(THE TASK) For the data that follows, return each line unchanged and drop the pictures.

(INFORMATION SHOWN)
+-------+
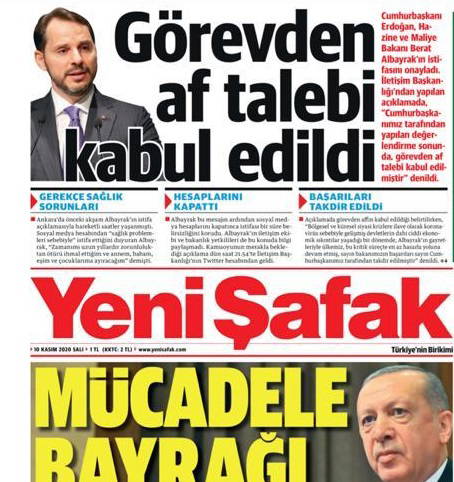 Cumhurbaşkanı Tayyip Erdoğan’ın damadı Berat Albayrak’ın Hazine ve Maliye Bakanlığından istifa ettiğini duyurduğu açıklaması sonrası sessizliğe bürünen Hükümet'e yakın gazeteler, Cumhurbaşkanlığından yapılan açıklama sonrası haberi baş sayfalarında "gördü".
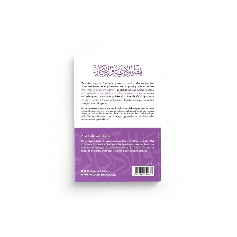 Quatrième volume d’une série consacrée aux invocations en islam, Les invocations tirées du Coran et de la Sunna du Cheikh ‘Abd Ar-Razzâq Al-Badr constitue une œuvre à part entière, pouvant être lue indépendamment. Ce livre propose une sélection riche et profonde de supplications directement extraites des paroles d’Allah dans le Coran et des enseignements authentiques du Prophète ﷺ. Il s’agit d’une véritable invitation à renouer avec l’invocation comme acte d’adoration essentiel et vivant.
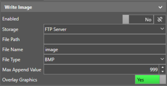 - Write Image settings allow you to define the conditions and properties for writing images to file.
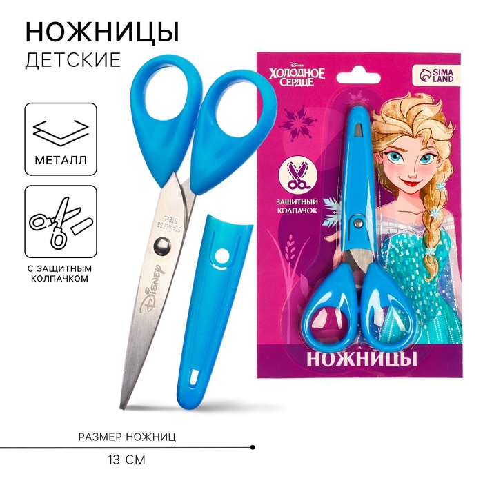 Ножницы детские 13 см, с защитным колпачком, Холодное сердце
+-------+
(COMPLETED EXERCISE)
 Cumhurbaşkanı Tayyip Erdoğan’ın damadı Berat Albayrak’ın Hazine ve Maliye Bakanlığından istifa ettiğini duyurduğu açıklaması sonrası sessizliğe bürünen Hükümet'e yakın gazeteler, Cumhurbaşkanlığından yapılan açıklama sonrası haberi baş sayfalarında "gördü".
 Quatrième volume d’une série consacrée aux invocations en islam, Les invocations tirées du Coran et de la Sunna du Cheikh ‘Abd Ar-Razzâq Al-Badr constitue une œuvre à part entière, pouvant être lue indépendamment. Ce livre propose une sélection riche et profonde de supplications directement extraites des paroles d’Allah dans le Coran et des enseignements authentiques du Prophète ﷺ. Il s’agit d’une véritable invitation à renouer avec l’invocation comme acte d’adoration essentiel et vivant.
 - Write Image settings allow you to define the conditions and properties for writing images to file.
 Ножницы детские 13 см, с защитным колпачком, Холодное сердце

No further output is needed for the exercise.